Polopos, Las Alpujarras


Thursday 23rd October and a deserved day off, so with friends we headed of towards to Alpujarras mountains to the west of Nerja. The road along here can be quite busy as it is the only way to Almeria, and on to Alicante. Very scenic in places and there are a few laybys that actually are parts of the old coast road where you can stop to enjoy the views of the coast.
Anyway, on through Almunecar , Salobrena and on past Motril until you see the turn off for Castillo de Ferro and at the roundabout you will see the signs for Polopos (10km)

This road winds and climbs nearly 2000 feet, and again has wonderful views down to the sea and the higher you climb the vast greenhouses disappear.
Polopos is very much an old village and does not even have a shop!

We had a walk around the village, which doesn't take too long but there are things to see, very old doors, cobbled streets, small bar/museum that was closed, and at the end of town a run down building with lots of 'butlers sinks' that may have been a communal washing room or maybe for donkeys who knows, anyway right next to it is a pond with lots of frogs. Lots of property seems to be abandoned, but also quite a few were being renovated.
We saw burros being ridden through the village, house doors were open and old men taking the husks off almonds, even an old wine press seemingly abandoned in the street.
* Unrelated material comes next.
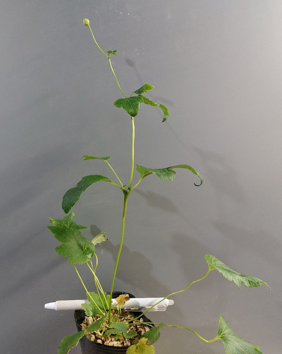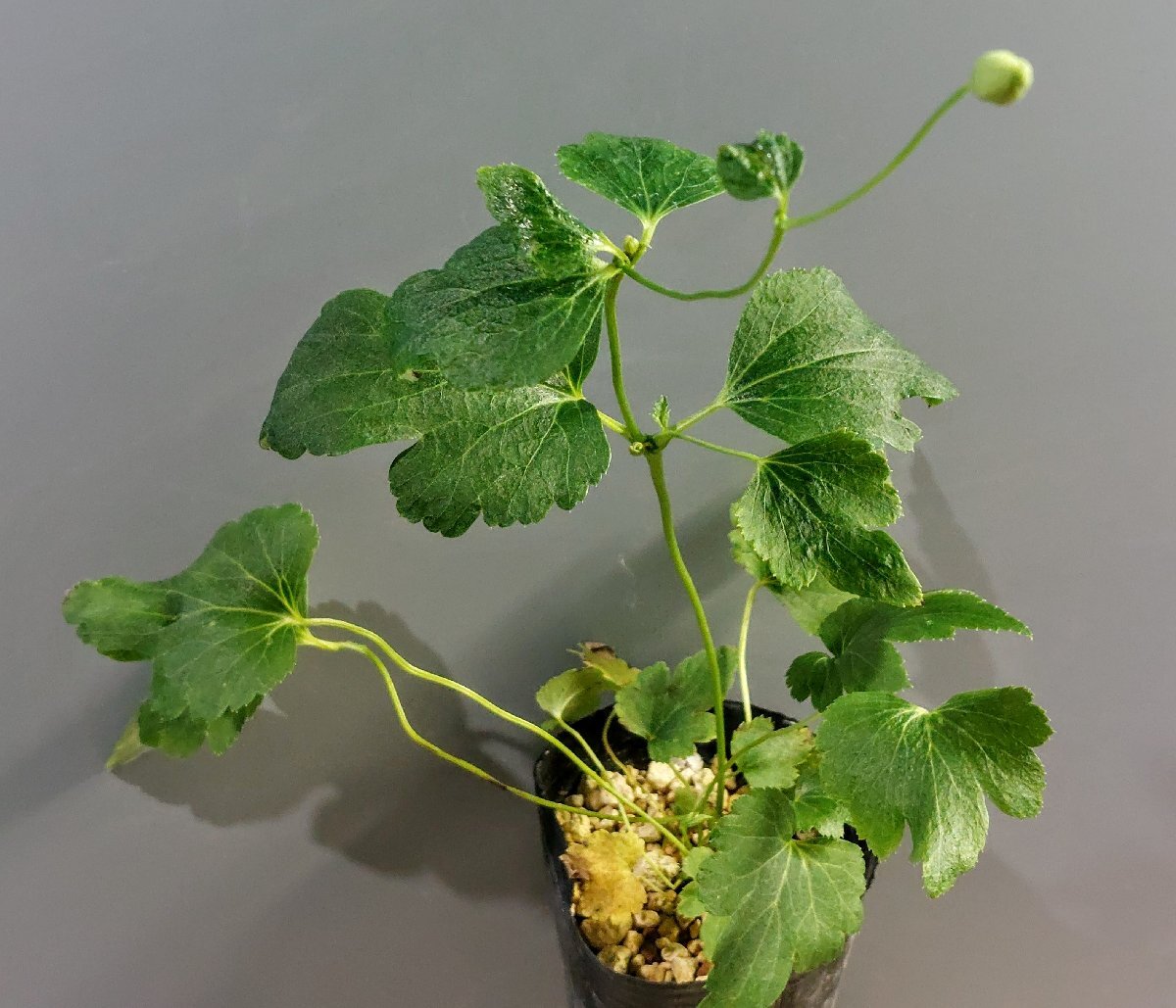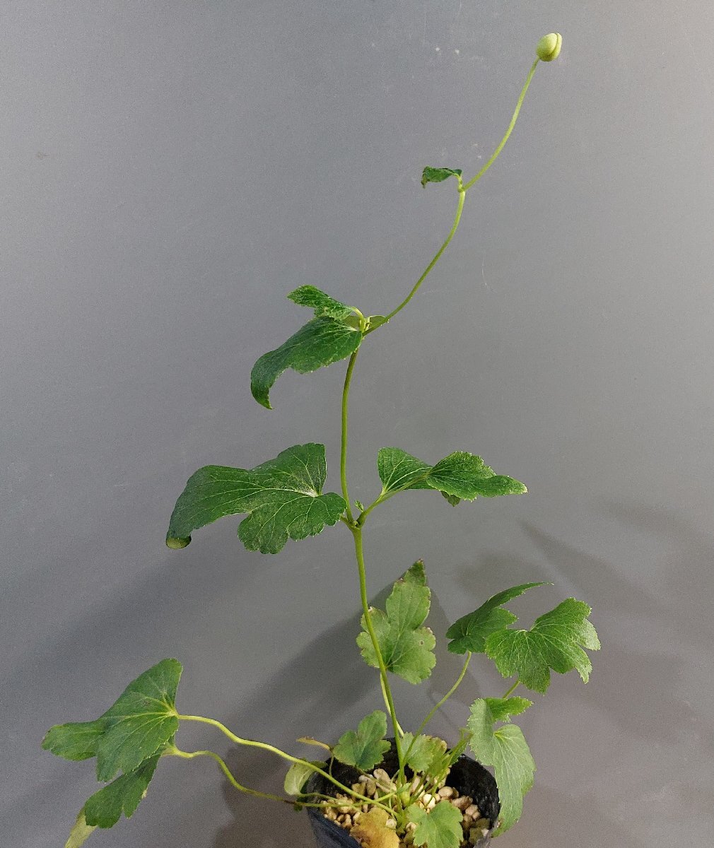 キンポウゲ科の野生種のシュウメイギクの青軸白花の珍品です。一重咲きです。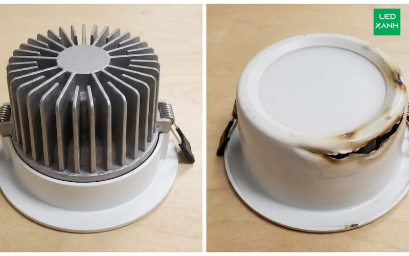 Vật liệu kém chất lượng: Nhiều nhà sản xuất sử dụng nhôm pha tạp chất, nhôm mỏng hoặc thậm chí là nhựa kém chất lượng để tản nhiệt. Điều này dẫn đến hiện tượng "om nhiệt" tại điểm nối P-N của Chip LED.

Very photogenic.

 

We called in the only bar in the village for a beer and tapas and had a chat with the landlady who told us that times were hard, as the price almonds (of one of the villages main sources of income) was so low that it was not worth picking them!
The other crops they relied on were grapes and figs.
Most of the youngsters of the village had left to earn their living in the towns, there used to be a shop, but the owners retired and no-one took it over so it closed. A bread van came in the morning and again in the afternoon, but for any other shopping it meant a trip down to the coast. If you did not have a car it could be a real problem. Most of the residents left in the village worked land in the campo and grew all the fruit and vegetables they needed themselves.
Despite the bleak story she was a happy soul and the bar had a few customers popping in and out, but none paid for anything! We tried a glass of the local wine which tasted like a white port, so we bought a couple of bottles (one in a fanta bottle and the other in a brandy bottle) Definitely not geared up for tourism thank goodness.
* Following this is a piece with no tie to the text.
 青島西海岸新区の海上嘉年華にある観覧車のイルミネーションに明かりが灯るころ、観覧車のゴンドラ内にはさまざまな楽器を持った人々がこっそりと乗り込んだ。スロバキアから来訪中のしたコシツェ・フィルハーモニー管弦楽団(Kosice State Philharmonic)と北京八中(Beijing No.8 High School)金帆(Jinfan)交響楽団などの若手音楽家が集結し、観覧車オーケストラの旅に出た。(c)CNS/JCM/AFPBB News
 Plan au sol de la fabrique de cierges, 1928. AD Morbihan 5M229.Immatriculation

We followed the road up into the Alpujarras and had a look at Rubite, a very similar sort of village in a valley, the most impressive part being the hairpin road down to it. We stooped for a look around but couldn't find a bar so drove on down to the coast.
Not ideal if you are looking for a ride out and a meal but the scenery made up for that and the hospitality of the landlady in Polopos. Certainly worth a look if even just for the photographs.

On the way back to Nerja we called in at Torrenueva for coffee by the beach which was almost deserted.

Time to get to Polopos? about 2 hours enjoying the scenery.